Pediatric cancer patients whose central lines are used to treat them at home develop three times as many dangerous bloodstream infections from their devices than their hospitalized counterparts, according to the results of a new Johns Hopkins Children’s Center study.
Findings of the research, reported online in the journal Pediatric Blood & Cancer, provide valuable insight into the safety of central line uses outside the hospital and underscore the need to carefully evaluate the benefits and risk of sending a child home with one, the investigators say.
Furthermore, the results highlight the importance of better understanding the risks of at-home central line care and designing infection-prevention strategies.
“The health care system as a whole has spent a lot of time and energy studying hospital acquired bloodstream infections and has made serious progress in reducing their burden as a result. It is now time that we did the same for central line infections acquired outside the hospital,” says lead investigator Michael Rinke, M.D., Ph.D., a pediatrician and safety expert at Johns Hopkins Children’s Center.
“Some children with central lines do well at home and will have no complications, but based on our findings, we feel clinicians should remain vigilant when sending home certain special categories of pediatric cancer patients who face higher infection risk by virtue of their condition, device type or a combination of the two,” Rinke adds.
A central line, or a central venous catheter, is a tube placed into a major blood vessel in the neck, chest or groin to serve as a temporary portal for injected medications and fluids. Inserted incorrectly, mishandled or simply handled too frequently, the central line can become a gateway for bacteria into the bloodstream, which can lead to serious complications, including organ damage and even death. Beyond the human toll, each infection can cost up to $45,000 in additional treatment, research has shown.
The study followed 319 children with cancer treated at Johns Hopkins who had central lines and received treatment between 2009 and 2010. Nearly all children were treated in the hospital at some point and sent home thereafter. In hospitalized children, there were 19 bloodstream infections over 8,682 days spent with a central line, compared with 55 such episodes over 84,705 days in the at-home group – or nearly three times the number of infections seen in hospitalized children.
“We have a wealth of data on the safety of central lines among hospitalized children and have designed solid protocols to reduce the risk of invasive bloodstream infections among such children, but we don’t really have a good understanding of central line safety once the child leaves the hospital,” says senior investigator Marlene Miller, M.D., M.Sc., director of Pediatric Quality and Safety at Johns Hopkins Children’s Center. “Our study sheds some light on that issue.”
Rinke and colleagues say several potent risk factors for infection emerged among children treated at home. Patients with recently placed central lines, those with recent bone marrow transplants and those with past infections were at highest risk, the study found. In addition, children with a type of central line tunneled under the skin that remains open, rather than implanted, in the chest, were found to be at greatest risk for infection. But because this type of central line is handled more frequently, it remains unclear whether the increased risk stems from the frequency of access or from the anatomic positioning of the device itself, the researchers say.
The investigators emphasize that central line care, even in the hospital, requires experienced clinicians and trained family members familiar with infection-prevention protocols – a level of care that is not always taught to families before the patient is discharged home.

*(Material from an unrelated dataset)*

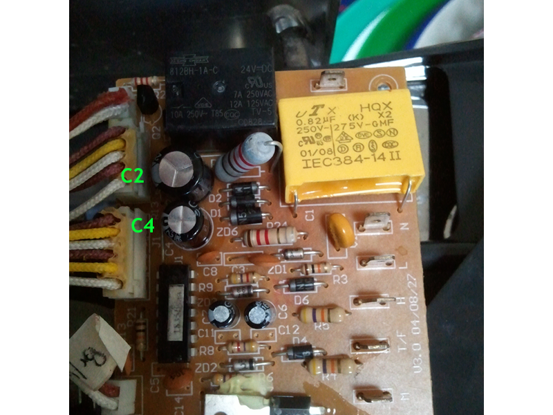 Our 800ESXL had/has some of this glue, and it started to become conductive, partially connecting the non-powerline end of C1 to the anodes of D1 and D6 (circuit common, e.g. line hot), and the cathode of D2 (V++). Now, in this particular case, the conductive glue probably did not and might not ever have made a difference, since this is a high-current low-impedance area of circuitry: not that sensitive. If conductive glue were connecting more sensitive areas of circuitry, such as any pins of the microprocessor IC or the switches connected to it, things could be more exciting. The Breville engineers seem to have done a good job keeping this adhesive away from sensitive areas. Yet, given what i have seen, as soon as i saw it (and well before i had drawn out the schematic to see that it was in a low-sensitivity part of the circuit), i removed it, and i recommend anyone already working on their circuit boards do the same. Probably not worth a special trip into a working unit, yet if there is any other reason to be in there, take it off and make it a non-issue. Only the brown, crusty parts need to be removed (mechanically, followed by your favorite solvent)… the light tan/gold soft, springy parts may remain, which is good because they often are still happily acting as a strong adhesive and do not willingly come off.

“Teaching family members the 101 of central line cleaning and care can go a long way toward reducing infection risk and is something that should become part of the formal discharge routine in each and every hospital,” Rinke says.
Such instructions, he adds, have been part of the Johns Hopkins Children’s Center discharge protocol since 2010.
The research was funded by the National Institutes of Health under grant number 5KL2RR025006 and by the Agency for Healthcare Research and Quality under grant number K08HS021282, with additional funding from the Children’s Hospital Association.
Other Hopkins investigators on the study included Aaron Milstone, M.D., M.H.S.; Allen Chen, M.D., Ph.D., M.H.S.; Kara Mirski, B.A.; Elizabeth Colantuoni, Ph.D.; Miriana Pehar, R.N.; and Cynthia Herpst, R.N.